田中とフジエテキスタイルにもう一つ共通するのは、日本人の美意識に根差しているところ。「インテリアをテキスタイルで飾るという発想自体、窓やベッドのある洋風の住宅ありきのもの。でもその中で日本人が落ち着いて暮らすためには、やはり“和”の中にあるシンプルな美しさを取り入れる必要があると思うんです」と山本さん。一方で、インテリアに対する姿勢には、まだまだ西洋に学ぶことが多いと言います。インテリアのコンセプトをトータルで考えて、それに合わせて生地を買っていろいろなものをつくる習慣のある西洋に対して、日本ではカーテンはカーテン、ベッドカバーはベッドカバーという別個の商品だという考え方が、インテリア業界内でも根強いのだそう。

生地を自由に選んで組み合わせて、生活空間をつくる楽しさを知ってほしい──そんなフジエテキスタイルの願いのこもった場所が、全国7か所にあるショールームです。

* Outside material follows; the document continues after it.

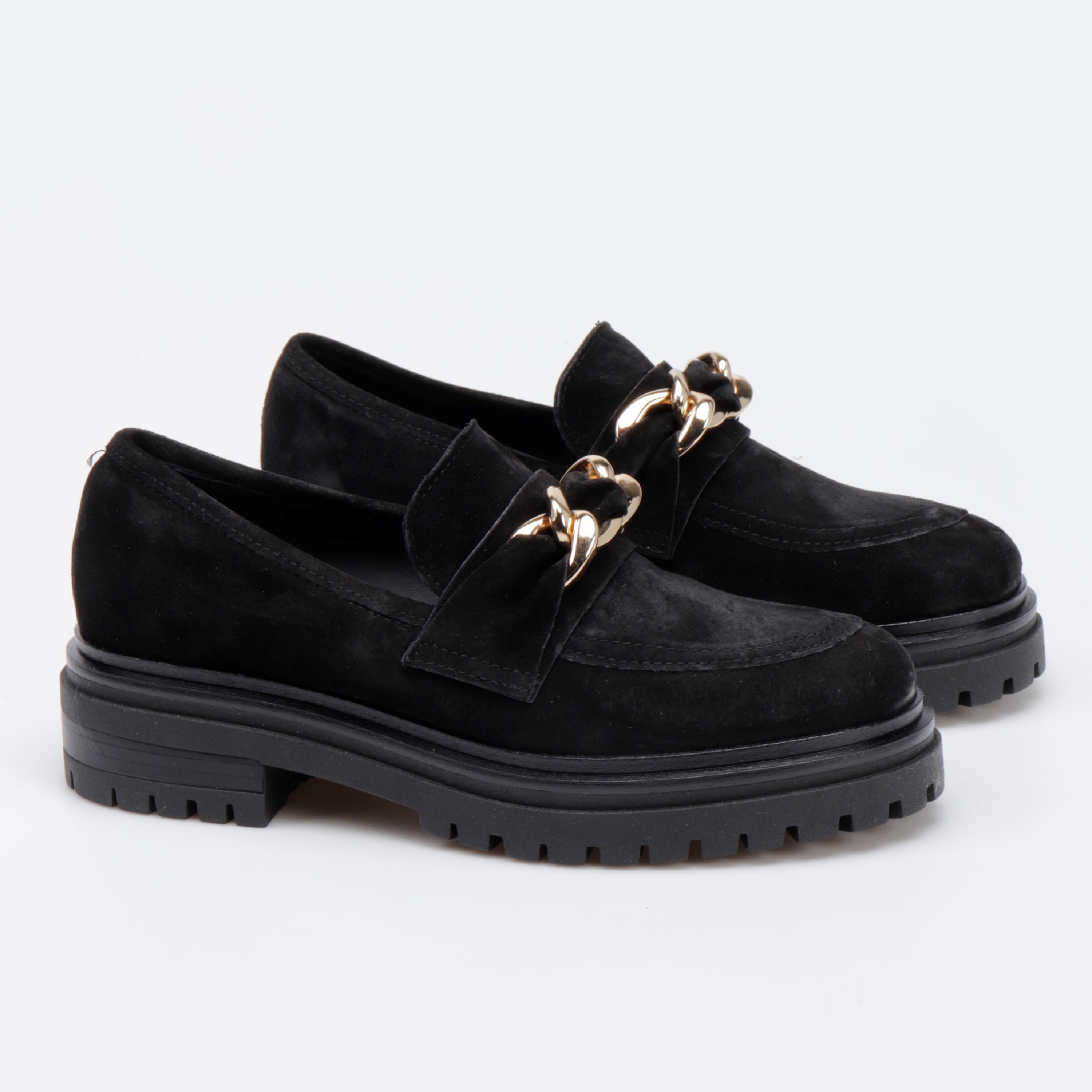 Unikatowe, przykuwające wzrok mokasyny na masywnej podeszwie stworzone zostały z myślą o odważnych, eleganckich kobietach chcących dodać stylu swoim stylizacjom.  Zamszowa cholewka w połączeniu z wykonanym z włoskiej skóry naturalnej wnętrzem i wkładką zapewnia dopasowanie do stopy i wysoki komfort użytkowania. Swoją wyjątkowość zawdzięczają starannie wykonanym przeszyciom i detalom w postaci charakterystycznej, metalowej ozdoby na przodzie.  Model ADRIEL to kwintesencja włoskiego designu i jakości.

「我々の仕事は生地をつくって提案するところまでで、どう使うかはユーザー次第。大袈裟にいえば、この生地でスカートをつくってみたい、と思う方がいてもいいんですよ(笑)。新築や改装の具体的な予定がなくても、ぜひ気軽に遊びに来て、そこから夢を膨らませていただきたいですね」。実際に訪れてみたショールームは、一つひとつ個性の異なる生地が無数に並んでいて、まるでギャラリーのよう。“夢が膨らむ空間”に、一度足を運んでみてはいかがでしょうか?